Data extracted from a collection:
=====

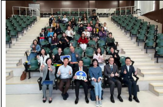
圖三：「財務策劃專業文憑及核准退休顧問課程導覽會」吸引近 50 人出席，現場反應熱烈。
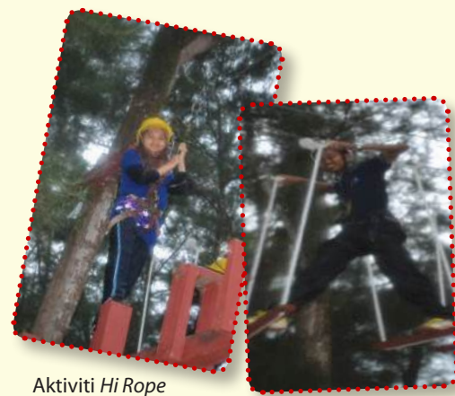
Aktiviti Hi Rope

Melalui aktiviti yang telah dijalankan ini, ia mampu membina nilai positif dalam diri mahasiswa MKM. Selain itu ia juga dapat melahirkan generasi mahasiswa yang mempunyai sifat kepimpinan yang tinggi serta dapat mewujudkan integrasi sosial antara mahasiswa dengan masyarakat setempat.- Nor Fadhilah Mohd.
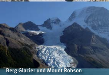
Berg Glacier und Mount Robson
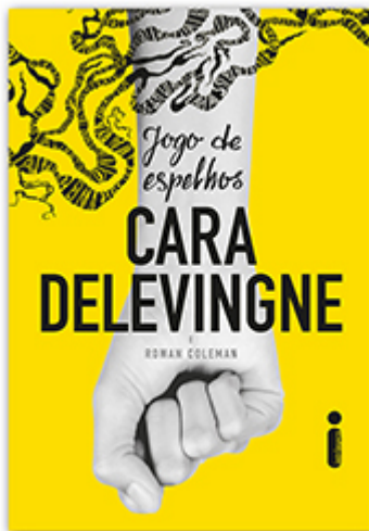
Jogo de espelhos Cara Delevingne
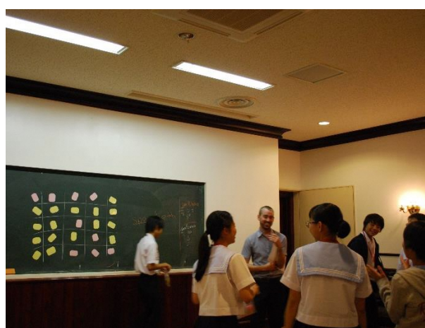
08 Lesson 4 Fun with Language
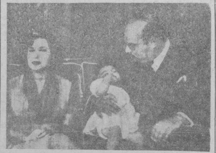
He aquí la última fotografía obtenida de la Familia Real egipcia a su llegada a Capri, en Italia, después de la entrevista concedida a los representantes de la Prensa.
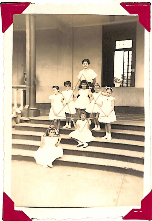
Las Niñas forman La Estrella de la Danza

=====

*Required action*. Before answering, find the line with "Aktiviti Hi Rope" in the records above; then reproduce exactly each line from the first through that line, leaving out pictures.

*Exercise response*.
圖三：「財務策劃專業文憑及核准退休顧問課程導覽會」吸引近 50 人出席，現場反應熱烈。
Aktiviti Hi Rope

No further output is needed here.